Et si je vous disais que vous pourriez réécrire l’Histoire dans votre cuisine, me croiriez-vous ? La compagnie Les Maladroits s’approprie ce lieu du quotidien pour raconter le passé d’un grand-père. Que diriez-vous de partager des moments de vie avec eux ?
Benjamin Ducasse, Éric de Sarria, Valentin Pasgrimaud et Arno Wögerbauer décident de transformer l’ordinaire en quelque chose d’extraordinaire. Pour trouver ce fil conducteur qui raconte une aventure, il suffit juste de prêter l’oreille aux histoires des proches. Arno Wögerbauer décide de partir sur les traces de son grand-père. C’est avec lui et son frère, dans le spectacle, interprété par Valentin Pasgrimaud que l’on mène l’enquête. Puis les mots de papier se transforment en une quête de vérité dans l’espace de la cuisine. Tout débute avec un petit dôme de sucre déposé sur la table centrale pour faire une plaisanterie. Le théâtre d’objet prend vie à ce moment là. Car une fois que vous acceptez que la tasse est la France et que les morceaux de sucre sont des personnages, alors on peut aller très loin dans un récit. La compagnie Les Maladroits ne laisse rien au hasard en mêlant avec beaucoup d’intelligence et d’humour la petite et la grande histoire.

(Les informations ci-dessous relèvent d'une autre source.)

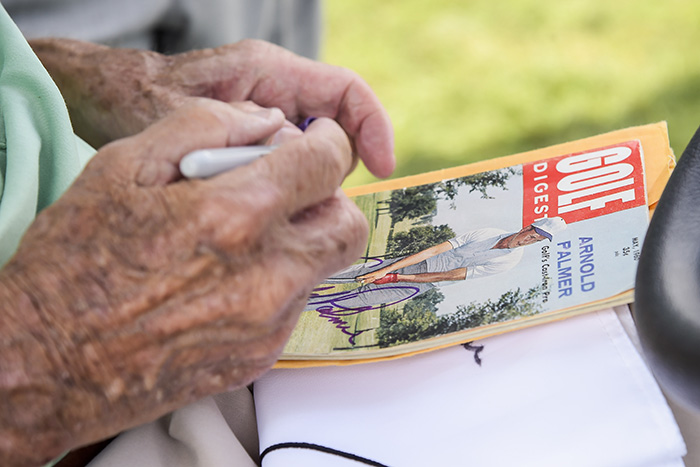 De oude Arnold Palmer signeert een tijdschrift met de jonge Arnold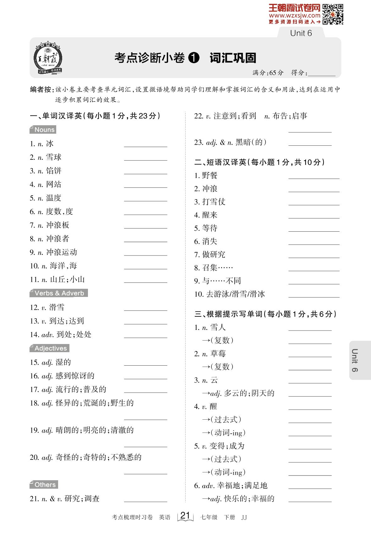 2023下册七年级英语冀教版 Unit 6 考点诊断小卷1 词汇巩固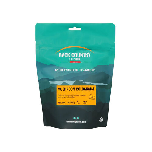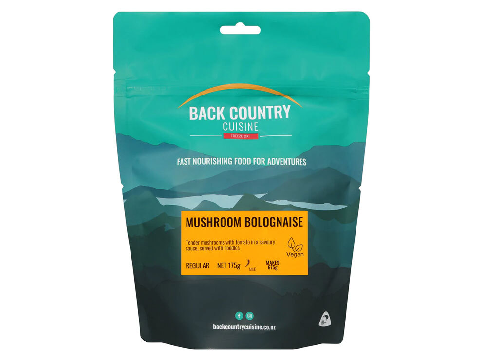 Back Country Cuisine Mushroom Bolognaise is packed with tender mushrooms with tomato in a savory sauce, served with noodles. A quick and easy freeze dried meal, just add boiling water.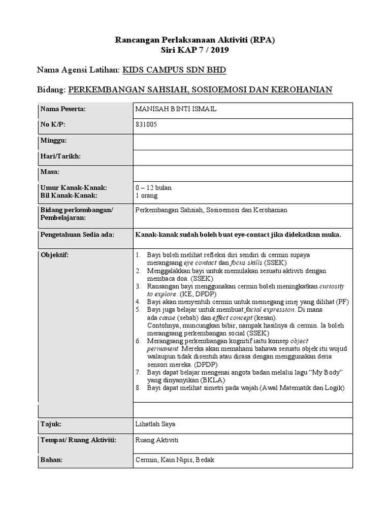 Seperti biasa, tahap perkembangan ini terbahagi kepada 6 domain utama iaitu: Perkembangan sahsiah, sosioemosi dan kerohanian. View 2 perkembangan sahsiah sosioaemosi dan kerohanian.doc from social sci edup3023 at universiti teknologi mara. Kekuatan dan kecergasan dalam menjalankan. Menunjukkan keseimbangan dan koordinasi tubuh yang lebih baik. Kerajaan aceh mencapai masa kejayaan pada masa pemerintahan sultan iskandar muda. Menunjukkan rasa simpati dan belas kasihan. 3 hari translate · may 16, 2020 · 2 rpa perkembangan sahsiah sosioemosi kerohanian pn faizah done. Awal matematik dan perkembangan logik dpdp : Perkembangan sahsiah , sosioemosi & kerohanian namapendidik: Perkembangan kretiviti dan view rpa perkembangan sahsiah, sosioemosi dan kerohanian.docx from education 12 at kolej poly tech mara kuala lumpur. Sahsiah rupa diri , melapor masuk. Rancangan pelaksanaan aktiviti (rpa) perkembangan sahsiah, sosioemosi dan kerohanian.
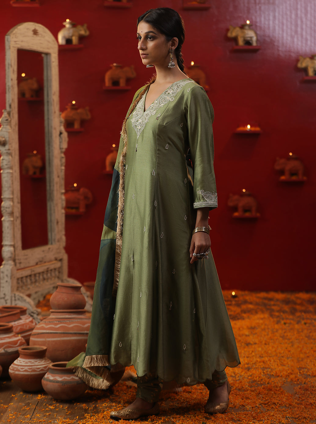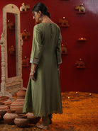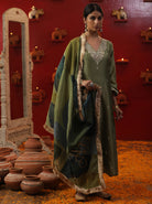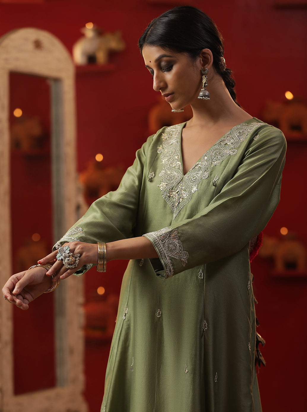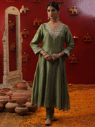 Description: Green Shringaar ras small v neck suit set.The image depicts a woman wearing a traditional Indian outfit, likely a salwar kameez, with intricate hand-painted embroidery. The suit is predominantly pista green in color and features a long tunic paired with matching trousers or duptta.Overall, the image showcases a beautiful example of traditional Indian fashion, highlighting the artistry and craftsmanship involved in creating such exquisite garments.
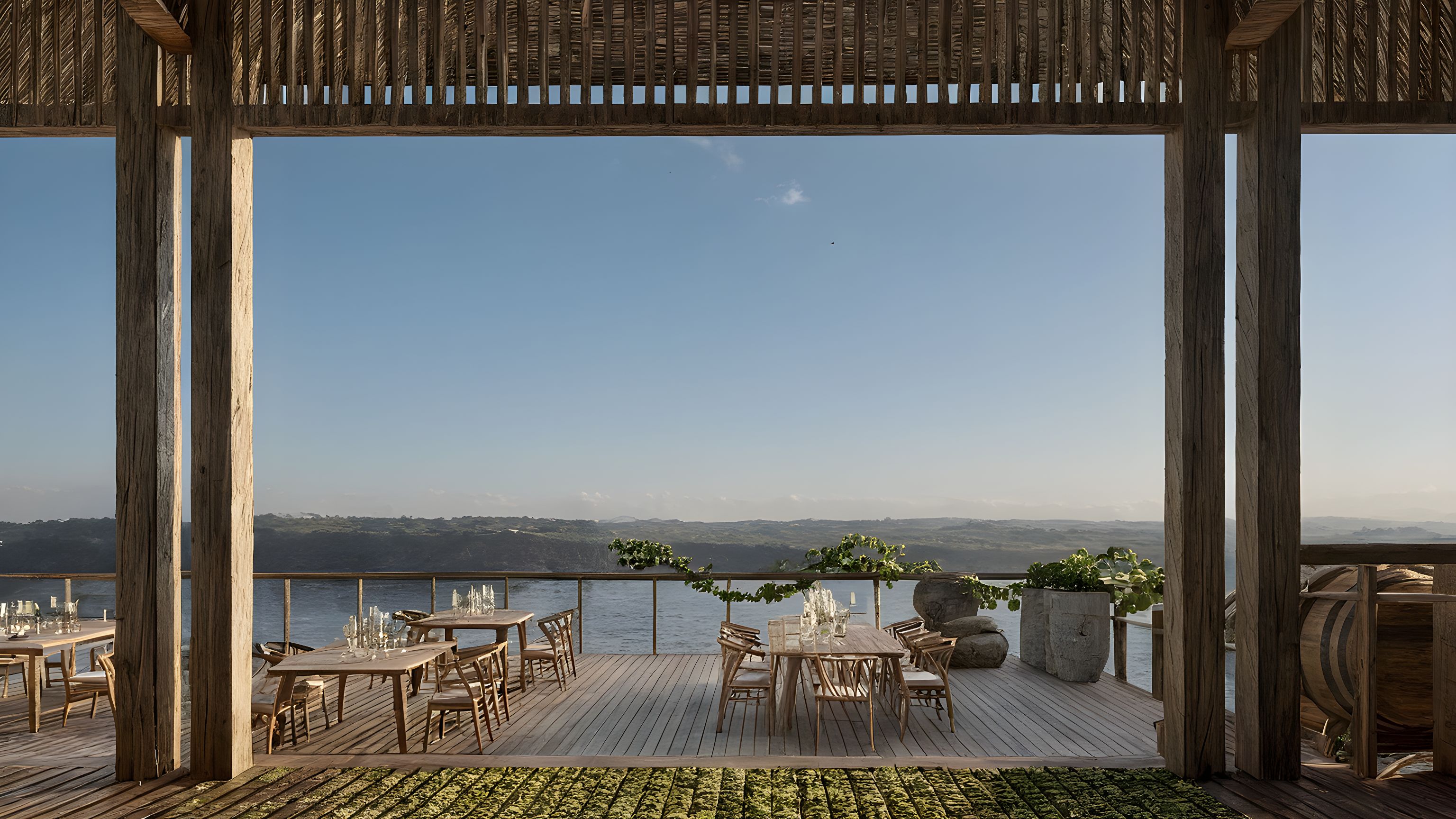 Promptthis is a winery, add vineyards and vegetation in the background to so that it looks contextual. Do not alter any materials of the architecture, leave that as is. Just add vines. The roof should be brown Mangalore tiles, walls can be slightly rough lime plaster of cream color. the structural members are of wood and the plinth of basalt. ADD VINE PLANTS IN THE BACKGROUND. add some creepers along the railing

Leur création de 2016 nous plonge au coeur de la guerre d’Espagne. Pour cela, nous faisons un bon dans le temps avec des petits morceaux de sucre qui espèrent un monde meilleur. Au début, ils incarnent juste Angel, Antonio et Dolores qui quittent leur village pour Barcelone. Nous sommes en Espagne en 1936 et la guerre civile pointe le bout de son nez. Cette fuite est le début d’un voyage incroyable rempli de douleur, de souffrance et de désespoir. La montée au pouvoir de Franco incite plus de 100 000 espagnols à fuir en France. Ce pays des droits de l’homme sait les accueillir en les cloitrant dans les camps. La première chose qu’elle installe sont des barbelées. L’état ne sait pas quoi faire de ces gens. Une situation qui rappelle sans surprise des choses que l’on a pu entendre dernièrement. Certains discours politiques changent-ils vraiment?

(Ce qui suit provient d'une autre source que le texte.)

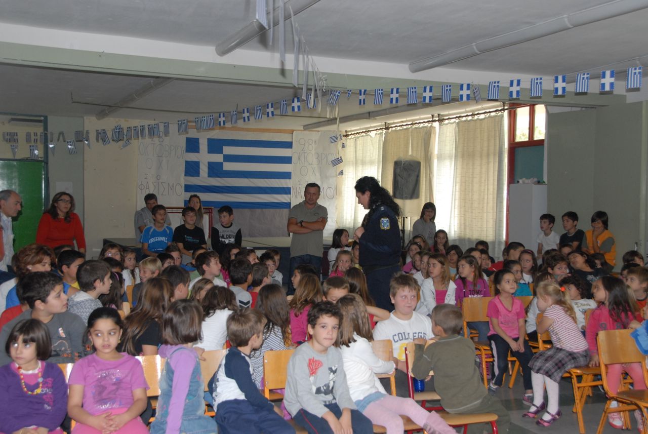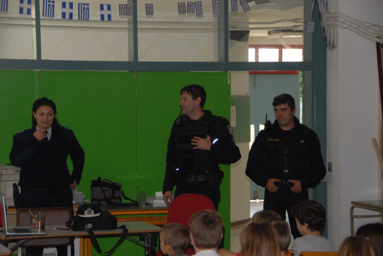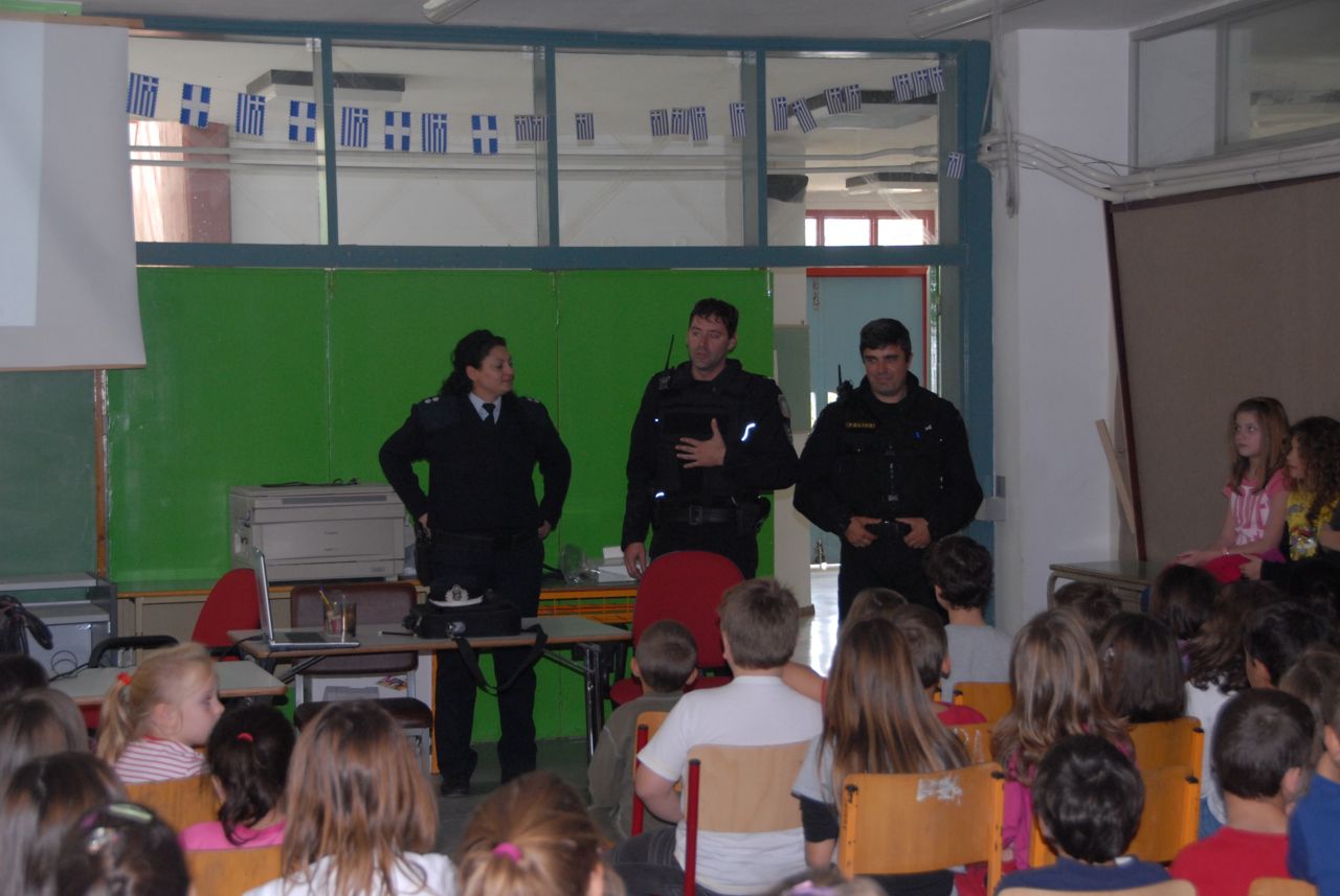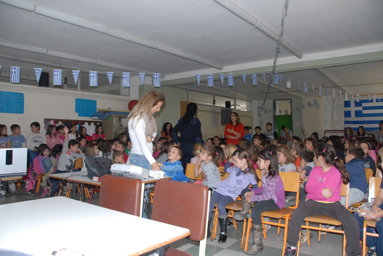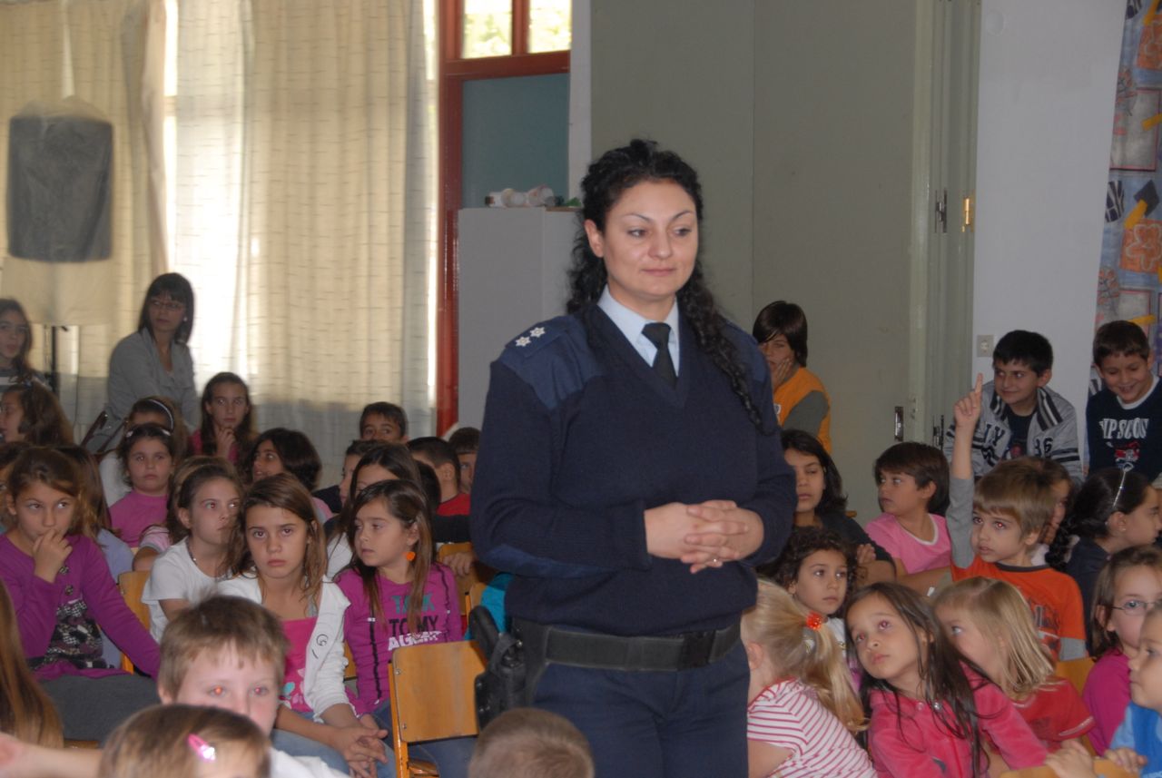 Η κ. Βιολντζή μίλησε στους μαθητές, παρουσίασε φωτογραφίες και διαφάνειες με σκοπό να τους ευαισθητοποιήσει και να τους παροτρύνει να έχουν σωστή συμπεριφορά όταν βρίσκονται στο δρόμο.

A travers le regard de cette troisième génération de migrants, des interrogations se posent. Ces personnes étaient prêtes à tout, jusqu’à leur vie pour un idéal, pour une société plus juste. En est t’on encore capable de nos jours? Beaucoup ne craignaient pas de s’engager en risquant les dénonciations par les « braves français ». Une utopie qui a permis à beaucoup de ces courageux de poser leurs bagages sur ce nouveau territoire qui pourtant ne leur ouvrait pas les bras. Ces turpitudes sont magnifiquement mises en scène dans un élan de folie et transmission.

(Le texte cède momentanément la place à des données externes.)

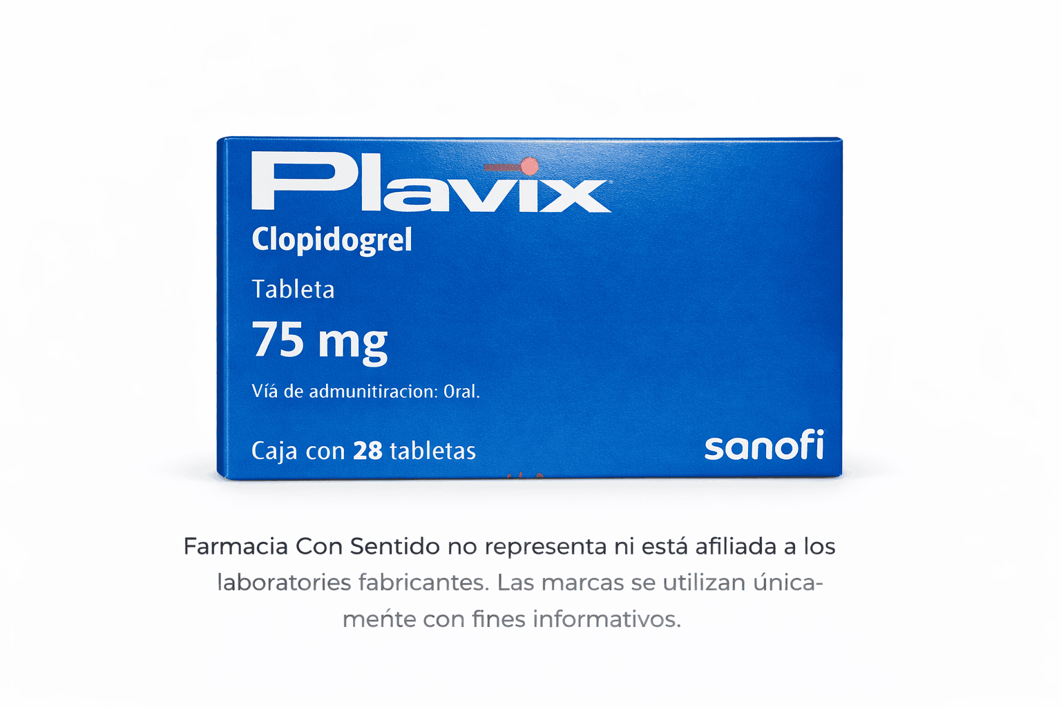 El clopidogrel es un medicamento utilizado dentro de esquemas terapéuticos cardiovasculares específicos, siempre bajo indicación y supervisión médica especializada. Su uso forma parte de tratamientos definidos por el médico tratante, considerando el diagnóstico, antecedentes clínicos y condición particular del paciente. Requiere seguimiento médico periódico y control clínico conforme a lineamientos profesionales. En Farmacia Con Sentido mantenemos un firme compromiso con la calidad y trazabilidad de cada medicamento, brindando acompañamiento cercano, profesional y respetuoso durante todo el proceso de cotización y coordinación de entrega.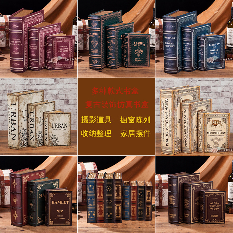 大号复古假书欧式书房书柜摆件装饰品书籍摄影道具书仿真书收纳盒

Du petit tas de sucre sur la table, les deux comédiens vont prendre tout l’espace pour jouer non seulement avec des carrés de sucre mais avec tout ce que l’on trouver dans une cuisine. Ainsi pour montrer le travail à la chaîne, l’un prend du café, le moue avec une machine puis il vide la machine et ainsi de suite. Au dessus, un surveillant lui impose la place des objets et la position à avoir pour respecter les délais de production. Les petits détails ne manquent pas comme ce sucre glace qui symbolise la neige dans les Pyrénées ou des cuillères pleines de sucre qui représentent les avions condors envoyés par l’Allemagne nazie. Que d’ingéniosité et de bravoure dans ce spectacle qui sait nous toucher et nous faire réfléchir avec humour, discernement et folie douce. Au final, ce café est plus qu’un simple café. Il possède un goût particulier d’espoir et de colère.
Un spectacle qui saura vous toucher par son humanisme. Comme quoi, il n’est jamais trop utopiste de croire à des lendemains meilleurs et plus justes. Merci les adroits Maladroits.